I used to visit the second hand record shop in Southampton and ask the staff what they’d recommend if I liked one of the newly discovered groups. The staff would happily explain to me how the groups linked to each other: Vince Clarke from Erasure was also in Yazoo (with Alison Moyet) and Depeche Mode (when they did their best album in my view). Who can resist a song with the lyrics ‘let our bodies be twisted but never our minds’ ? I certainly couldn’t, so Alison Moyet went onto my music to buy list too – Is This Love in case you’re wondering.
Each week I’d return home, and play my new records in my bedroom, and I started to notice that some of the men singing were singing about being in love with other men. And some of the songs were pretty gay really.
When I first heard Andy Bell singing in Am I Right ‘To resolve your love/ for this man in his twenties’ I had to replay it to check I’d heard it right.
And then I listened to Smalltown Boy by Bronski Beat (I’d arrived there via The Communards and Don’t Leave Me This Way – a soaring camp belter of a song) and I knew it was about my life. And then I heard Jimmy Sommerville singing Why ‘contempt in your eyes as I turn to kiss his lips’ and I thought I was going to explode. I had questions that needed answering…
Why was the album called The Age of Consent?
What did the pink triangle mean on the front of the album?
Through a combination of asking the staff at *my* record shop (now sadly closed and replaced with a Chinese food supermarket) or research in Salisbury library, I found answers to these questions. This is way before the internet; this was proper *research* I really had to put my back into it.
To find a part of popular culture that reflected me – in the widest sense of me (being gay, the camp, the theatricality) was like coming home, it showed me I wasn’t alone, and I wasn’t wrong. And that’s why queer romance, in books, films, music, TV is important.

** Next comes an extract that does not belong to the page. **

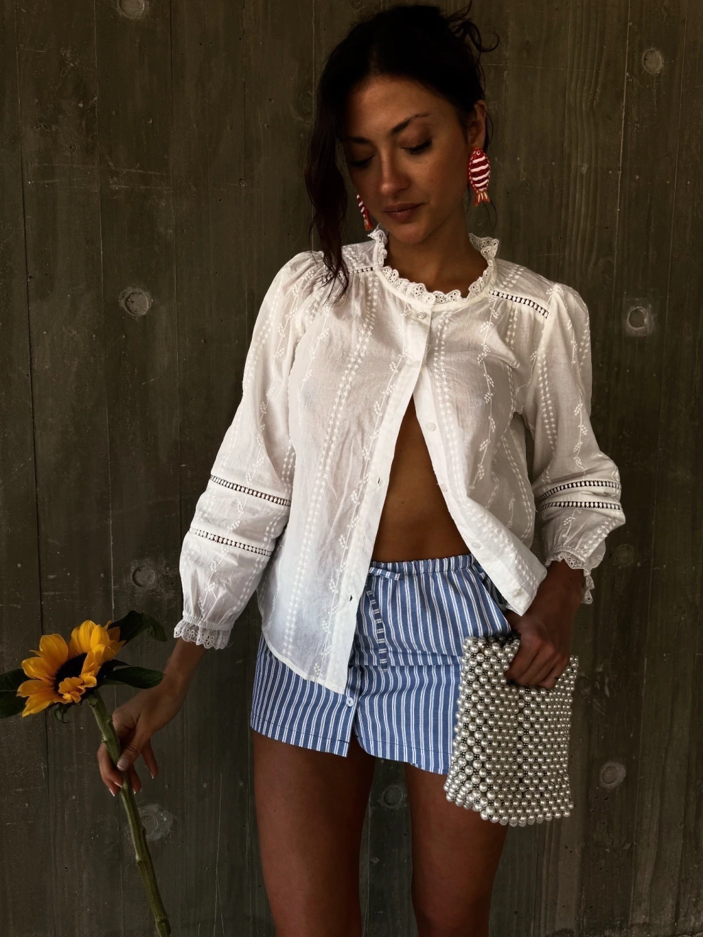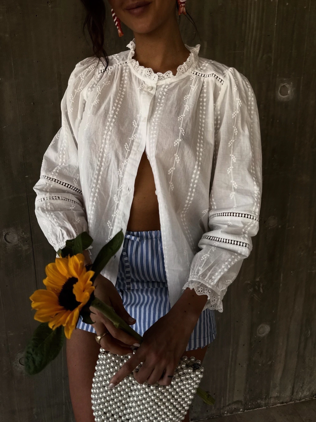 Descripción. Camisa cuello mao de algodón con bordado a tono, cierre frontal con botones y cierre de puño con elástico.

For all the gay boys in their bedrooms in their suburban homes worrying they’re the only person like that, worrying their feelings aren’t normal, queer romance shows them love is love.
Having queer popular culture is just as important in terms of visibility as gay people choosing to be out, and not be ashamed of how they are gay (be it with Kylie and glitter or with a beard and motorcycle). So that’s why I’m writing queer romance and living as an out gay man, even if I sometimes get questioned and shouted at (for both.)